# Organized crime/undercover police



## Binary Mike (Dec 3, 2010)

So in the comic I'm writing, a group of Yardies are running a club as a front to a drug running business. They established their teritory after moving in on the neighbourhood formally controlled by another Yardie group whose operations were ceased when their founding members were jailed. But on finishing their setence, they come back to find their old customers being stolen by the club. So they start threatening the club group with violence.

The main character of the book currently does not know that the club is a front, and niavely thinks that they are simply a legitimate business who are being harrassed. Being a super hero, she's hanging out at the club a lot to help fend off these attackers.

I had the idea to take the story in this direction for a while. But now that I'm actually writing it, it dawns upon me that the club owners might think that a random person they don't know coming and helping them seems a little suspicious, considering that they themselves are criminals.

So my question is, what kind of things are they likely to be weary of? My first thought was that they might suspect my main character is a undercover cop. So is there anything in particular criminals tend to look out for in that department? I try to have my criminals make mistakes every now and then to make them seem more believable, but these guys are career drug dealers, they have more experience than the average mugger. At the same time though, they're not quite as organized or dangerous as the Mafia. Think Crips or Bloods level organized crime.

The story is set in England. But I don't know how much of a difference that will make.


----------



## Scarlett_156 (Dec 3, 2010)

I read this three times before I realized that you meant "wary"--"wary of" instead of "weary of".  (At least I think that's what you meant.)

I don't know how smart your criminals are.  Smart criminals pretty much don't trust anybody.  If someone seems like a naive "do-gooder" type of person they might employ that person as a sort of "useful idiot", i.e., someone who can be an unwitting lookout or mule from time to time, or someone whose presence (like a law enforcement person in uniform) makes them appear legitimate. 
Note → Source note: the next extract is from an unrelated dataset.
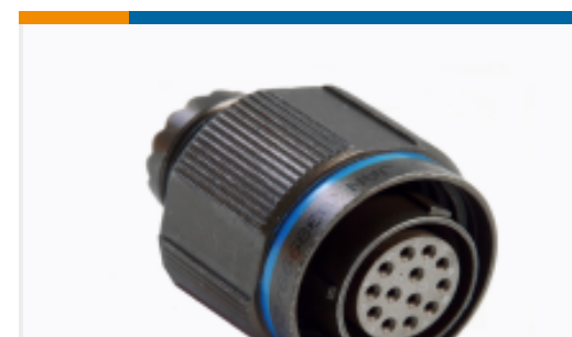
TE Part #YDTS26Z19-35PNV001 PLUG ASSY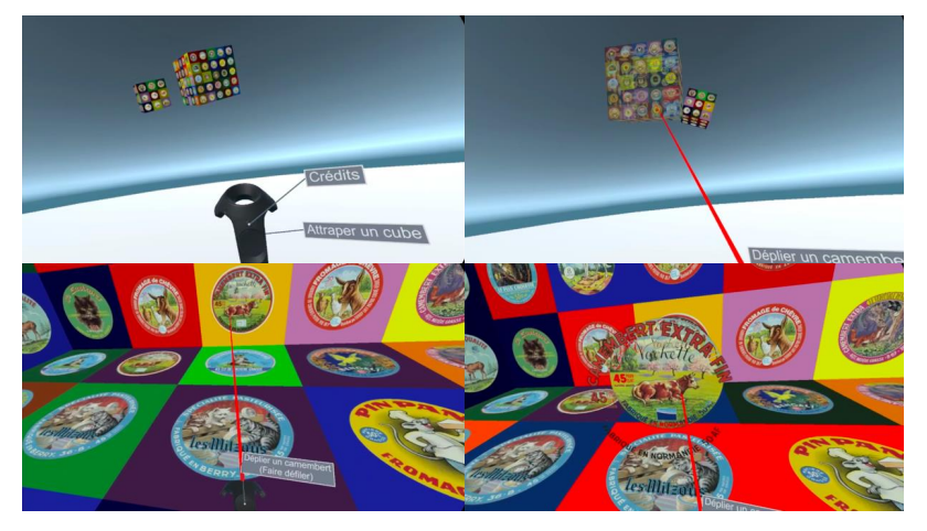
FIGURE 1: VIRTUAL REALITY DEVICE ILLUSTRATIONS (1) TOP LEFT, (2) TOP RIGHT, (3) BOTTOM LEFT, (4) BOTTOM RIGHT

The system studied was designed as part of the CPER/FEDER NUMERIC action Archives Augmentées program, directed by Jean-Marie Dallet, Frédéric Curien and Charles-Alexandre Delestage. The action was based on the exploitation of the Garnaud collection at the Musée du Papier d'Angoulême, which includes camembert labels printed by the Bardou-Le Nil factories during the 20th century. The labels were digitized and cut into layers representing the different parts of the label from an iconographic point of view. The entire collection is grouped into categories based on the label's theme (famous people, mills, monks, etc.). Each theme is then distributed over the facets of a cube analogous to the famous Rubik's Cube, whose size varies dynamically according to the number of labels in the collection. The colored background of the facets varies randomly according to a predefined palette, inspired by the work of Vasarelli. As shown in Figure 1, All these cubes float around the user in space (1) and can be selected by the user for consultation. At this point, the cube becomes translucent (2) and is placed around the user, metaphorically bringing the latter into the cube (3). The user can then choose to unfold the iconographic layers of labels to view them in the space of the cube (4). Alternatively, they can return the cube and select another for consultation.

Among street gangs the competition is pretty fierce.  If these guys are up-and-coming then they have to have at least one or two smart strategists in the bunch or they will all end up dead or in jail, so at least one guy in the gang has got to get sort of wise to who your super hero/ine really is.  (Just a thought I had.) 

Otherwise if the person is not in the family or known very well to at least a few of the gang members, it's doubtful they would let him or her hang around a whole lot. Their tolerance would have to be based on previous acquaintance or some sort of use that he/she would be to the gang. 

Does that make sense? If not--blame it on the "steamroller" I smoked an hour or so ago, I suppose! lol


----------



## Binary Mike (Dec 3, 2010)

Okay, that's quite helpful, I was kind of thinking along the lines of having them keep her around as free help, like you said, but I was thinking of just having them watch her closely. Are there any particular tell-tale signs that's she's untrustworthy, that they'd be looking out for?


----------



## Scarlett_156 (Dec 3, 2010)

Not trusting anyone is pretty much a standard of all criminal types, regardless of culture.  They don't start out trusting one and then only over time lose that trust; they start out assuming that once you know what they are into, you will either A) want a piece of the action for yourself (competition), B) rat on them (a security threat), or C) unwittingly give them away in some regard, just by being around and not knowing what the deal is, i.e., if during some transaction someone dropped a balloon full of drug on the floor and your heroine picked it up, and assuming it's a kid's toy, gave it to a kid. Stuff like that. 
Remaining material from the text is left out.